Some refugees more welcome than others

Open the borders to all refugees – from Ukraine of course, but also from the Middle East and Africa


03/03/2022

The mobilization against Putin’s invasion of Ukraine has been inspiring. Tens of thousands organized in solidarity with a people under attack, collecting donations or organizing the transport of refugees. On Sunday, millions took to the streets to demand an end to war and to Russian imperialism. In Berlin, 100,000 people gathered in the city center to not only protest against the war, but to also demand immediate support for those who have to flee their homes.

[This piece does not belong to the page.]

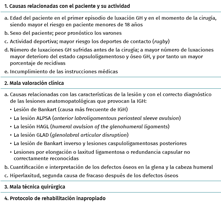 The shoulder is the joint with the highest dislocation rates and some published series have stated a high risk of recurrence after primary repair. The purpose of this article is to gather the subjects which were debated and consensed about during the Shoulder Arthroscopy Update Summit from the AEA-LATAM, regarding the causes of recurrence of glenohumeral instability following a primary repair, and the guidelines of action in each case. The analysis and debate of these subjects resulted in a consensus decalogue from all the attendees which is included in the conclusions section.
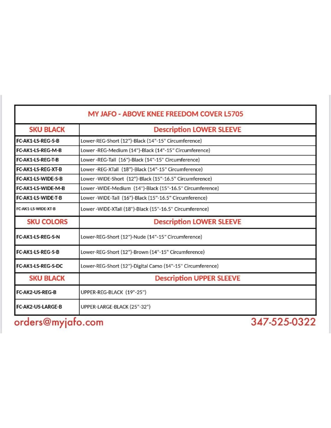 En lugar de comprar dos cubiertas con diferentes colores de neopreno, JAFO hizo la CUBIERTA DE LIBERTAD negra en todos los aspectos. A partir de ahí, agregamos nuestra funda de nylon patentada para el color que solicitaste aquí. En este caso, recibirás una cubierta de pierna prostética de neopreno negra con una funda de nylon deslizante Nude.

A few months ago, in November, I was at a protest with a similar purpose. Also gathering at Pariser Platz and going down Unter den Linden, it was attended by a much lower, though by no means insignificant, number of people. This time it was to demand the immediate opening of EU borders for the intake of the thousands of Middle Eastern refugees whom Belarus had weaponized by forcing them to attempt illegal border crossings. At least 21 migrants died in the cold forests at the Polish border. While Poland is now welcoming all those who are allowed to leave Ukraine (with reports, however, of Africans pushed to the back of the queue at “Ukrainian-first” entry points into Poland), thousands of refugees are still stranded at the Belarussian border, not allowed to enter. Polish plans to build a border wall against migrants in the Białowieża Forest are also still in place and still protested by Polish activists.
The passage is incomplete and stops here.